The Venetian: "It's not easy having a good time! Even smiling makes my face ache!" I love The Rocky Horror Picture Show. The first time I saw that movie I was here in the US already, and the whole thing blew me away, especially Tim Curry. I think Freddie Mercury would also have been perfect for that role.
Me: I imagine you play all over California throughout the year, but do you get booked a lot through October and around Halloween?
The Venetian: You're right. I guess it's YouTube and Facebook, and now maybe the Phile. When people are putting on a costume party, a lot of them contact the Venetian.
Me: Ever heard of the band Witches In Bikinis? You guys could easily do a gig together, and see who can out do each other.
The Venetian: I just checked them out on YouTube. They definitely are into a fun style of rock theater.
Me: So, the album is a concept album I take it. In one sentence what is the story about you are telling?
The Venetian: Yes, Jason, the album has a sort of concept about a family. There's a father, a mother and a son, and they're talking about life, death and everything in between on a personal level. The songs can be enjoyed by themselves, but when I put them together with the connecting parts in Italian, you see the big picture.
Me: Are you planning a follow-up album, Venetian?
The Venetian: Yes, I'm working on two projects mixed together. One is my next album, and the music on it is also part of a film project. The movie script will be very intense and maybe outrageous. In these projects and some others, I'm trying out a lot of new sounds.

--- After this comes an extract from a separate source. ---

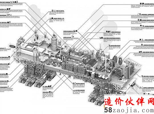 相比之下,Manuel Dominguez设计的城市有着非常大的城市规模,他提出了一个可以移动的城市,可以提供工作岗位和丰富的资源。当然,这并不是第一次提出游牧民族的城市概念。Ron Herron的移动城市是一项非常独特的设计,从20世纪60年代,已经构建了有影响力的建筑理论。Dominguez承认他的设计来自他想在同行中脱颖而出,当时他根据自己论文的要求,决定设计一个乌托邦的城市。Dominguez觉得他的设计在理论上是可行的,他可以启动世界级的机动程序和自动结构,巨大的钢架及履带来完成整个建筑。尽管这个城市有着非常大的内部结构和巨大的规模,但是他可以尽量少的影响周围的生态系统。它的机动性提出一种新方案:以鼓励植树造林的城市环境替代日常的功能机械化城市环境。这个项目在当今社会的时代背景下,还可以为大量西班牙失业公民提供工作岗位。无论从经济增速的放缓还是从人口上看,Dominguez有趣的提议似乎不那么荒谬而且很有用,最起码最初看上去是这样。

Me: Thanks so much for being on the Phile. Please come back soon, this has been fun, I hope it has been for you as well. Go ahead and mention your website and continued success.
The Venetian: Thank you, Jason. It's an honor to be featured on the Phile. Your readers can find updates on what I'm doing at thevenetianband.com, facebook.com/thevenetianbandpage and YouTube.
Me: The Venetian, everybody!
That's it, another year of the Phile done. Thanks to Laird Jim, The Venetian and a special thanks to Jon Ostrow. I also want to thank all you readers who made this year the most popular year ever with the Phile. Also, thanks to the 140 interviewees I interviewed this year. Okay, the Phile will be back on Saturday with singer Kendra McKinley. So, spread the word, not the turd. Don't let snakes and alligators bite you. Bye, love you, bye. Happy New Year!